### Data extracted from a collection
○ ○ ○ ○ ○
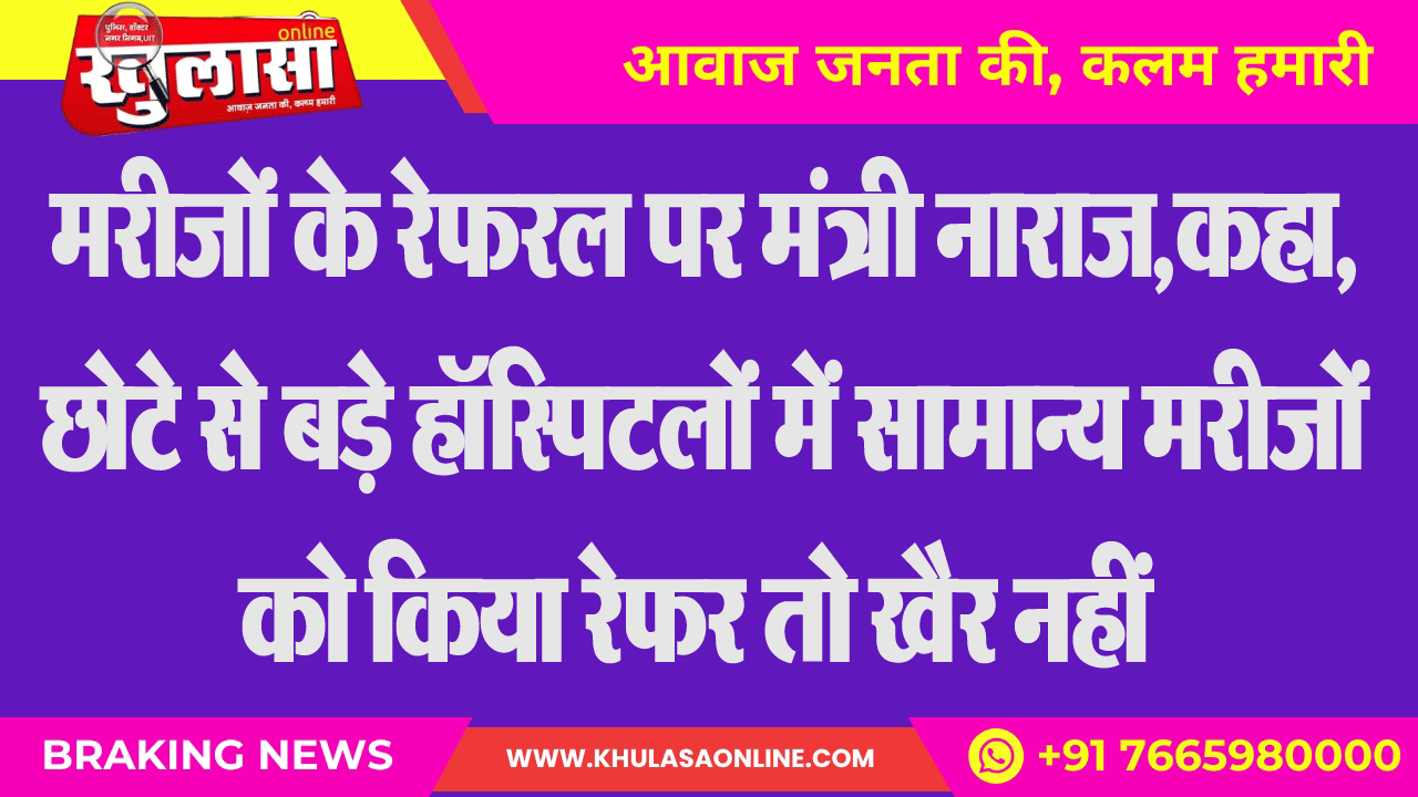 मरीजों के रेफरल पर मंत्री नाराज,कहा, छोटे से बड़े हॉस्पिटलों में सामान्य मरीजों को किया रेफर तो खैर नहीं
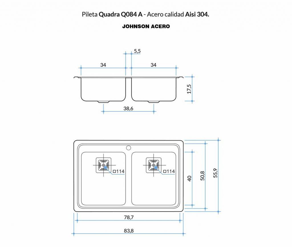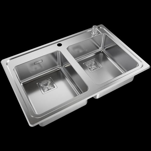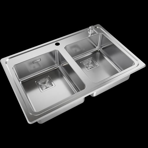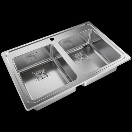 Pileta doble de gran capacidad y tamaño. Diseñada para mesadas profundas.
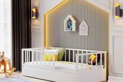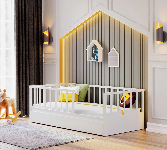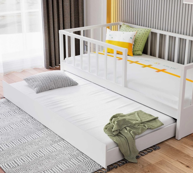 Glisarea patului se realizeaza usor cu ajutorul rotilor de miscare.
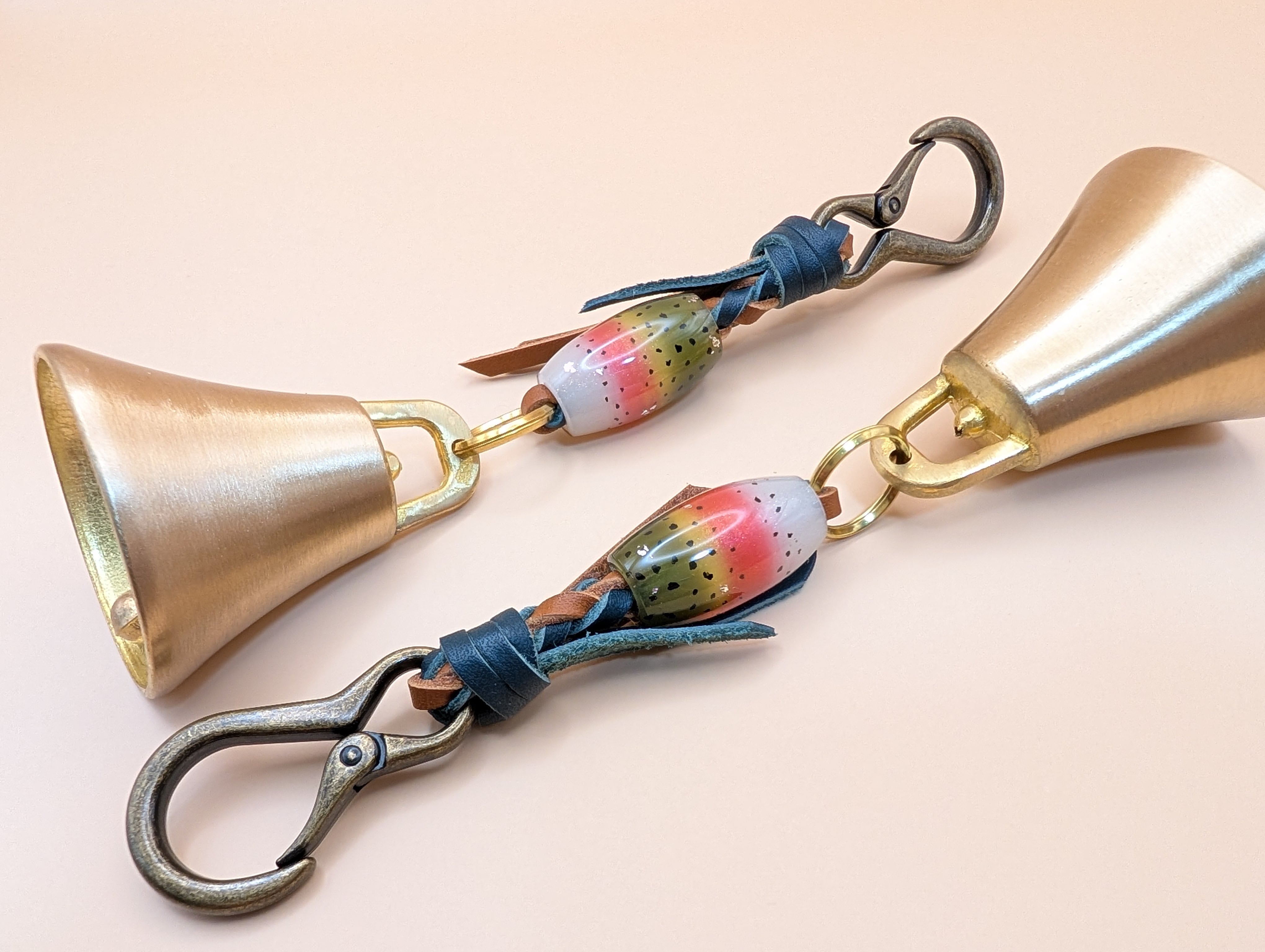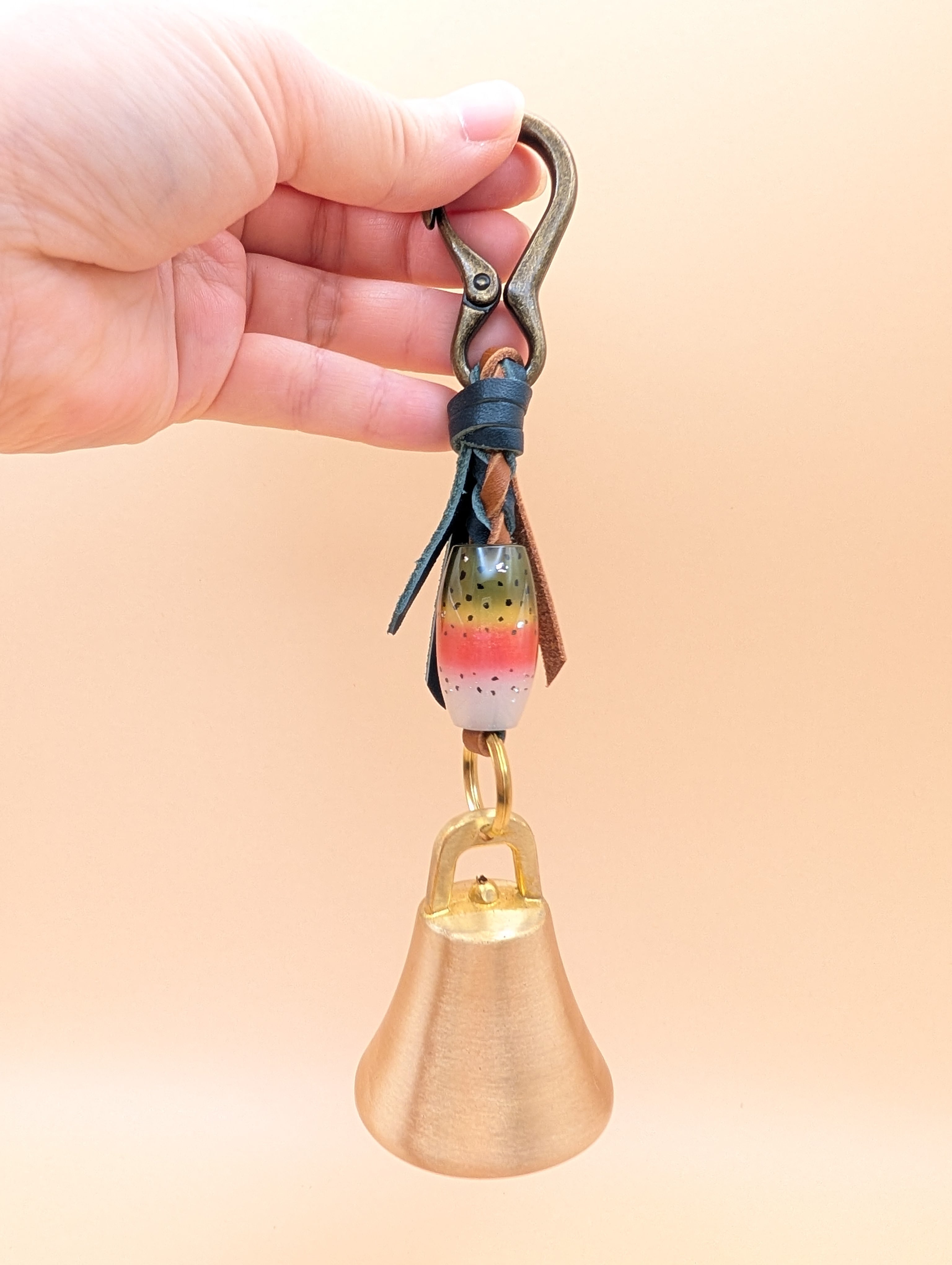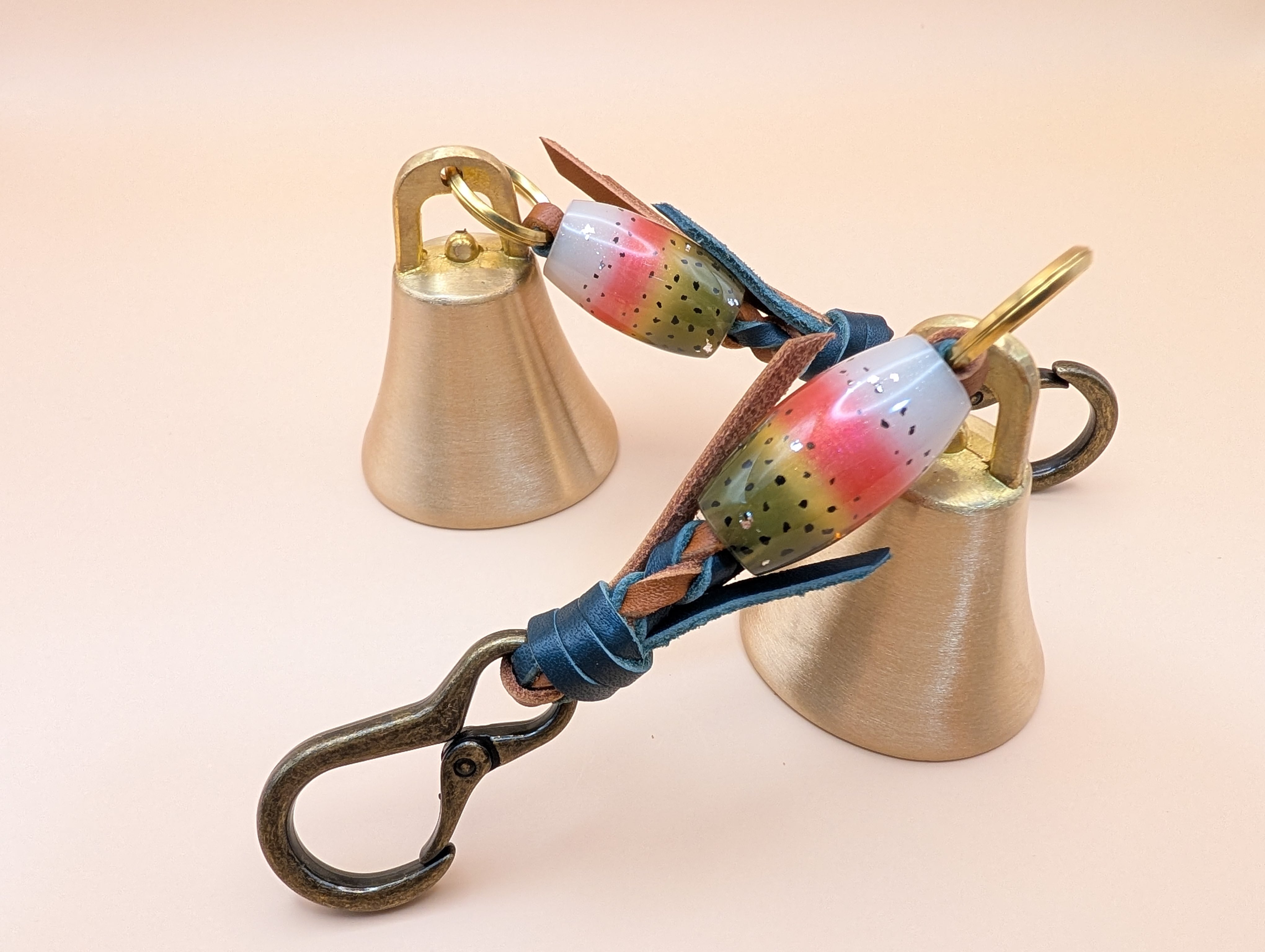 全長約19cm ベル直径5cm レザー紐(深緑×茶) レジン製蜻蛉玉 カラビナ(アンティークゴールド)
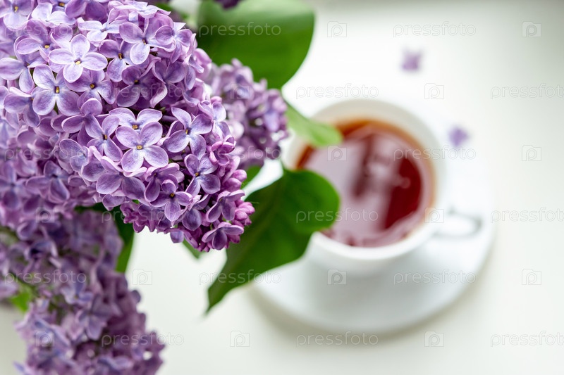 Домашний интерьер с букетом цветущих сиреневых цветов на окне. Чаепитие весенним утром на кухне у окна
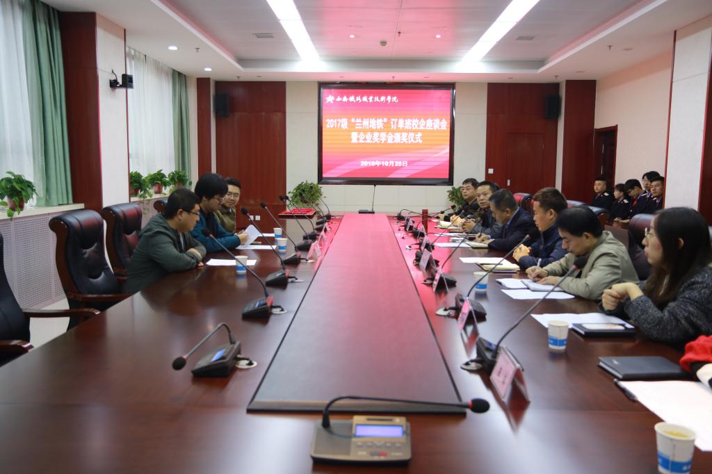 10月25日,兰州市城市轨道交通有限公司与贝博官网举办“兰州地铁”订单班校企座谈会暨企业奖学金颁奖仪式,兰州市城市轨道交通有限公司运营分公司人力资源部副部长李吉善一行三人,贝博官网党委副书记、纪委书记黄家昌,机电工程学院党总支书记张雅兰、院长代礼前和2017级“兰州地铁”订单班的40名师生参加会议。会议由贝博官网招生就业办公室副主任董奇主持。
○ ○ ○ ○ ○
### Exercise goal
Render the data above verbatim and without pictures.

### Answer box
 मरीजों के रेफरल पर मंत्री नाराज,कहा, छोटे से बड़े हॉस्पिटलों में सामान्य मरीजों को किया रेफर तो खैर नहीं
 Pileta doble de gran capacidad y tamaño. Diseñada para mesadas profundas.
 Glisarea patului se realizeaza usor cu ajutorul rotilor de miscare.
 全長約19cm ベル直径5cm レザー紐(深緑×茶) レジン製蜻蛉玉 カラビナ(アンティークゴールド)
 Домашний интерьер с букетом цветущих сиреневых цветов на окне. Чаепитие весенним утром на кухне у окна
 10月25日,兰州市城市轨道交通有限公司与贝博官网举办“兰州地铁”订单班校企座谈会暨企业奖学金颁奖仪式,兰州市城市轨道交通有限公司运营分公司人力资源部副部长李吉善一行三人,贝博官网党委副书记、纪委书记黄家昌,机电工程学院党总支书记张雅兰、院长代礼前和2017级“兰州地铁”订单班的40名师生参加会议。会议由贝博官网招生就业办公室副主任董奇主持。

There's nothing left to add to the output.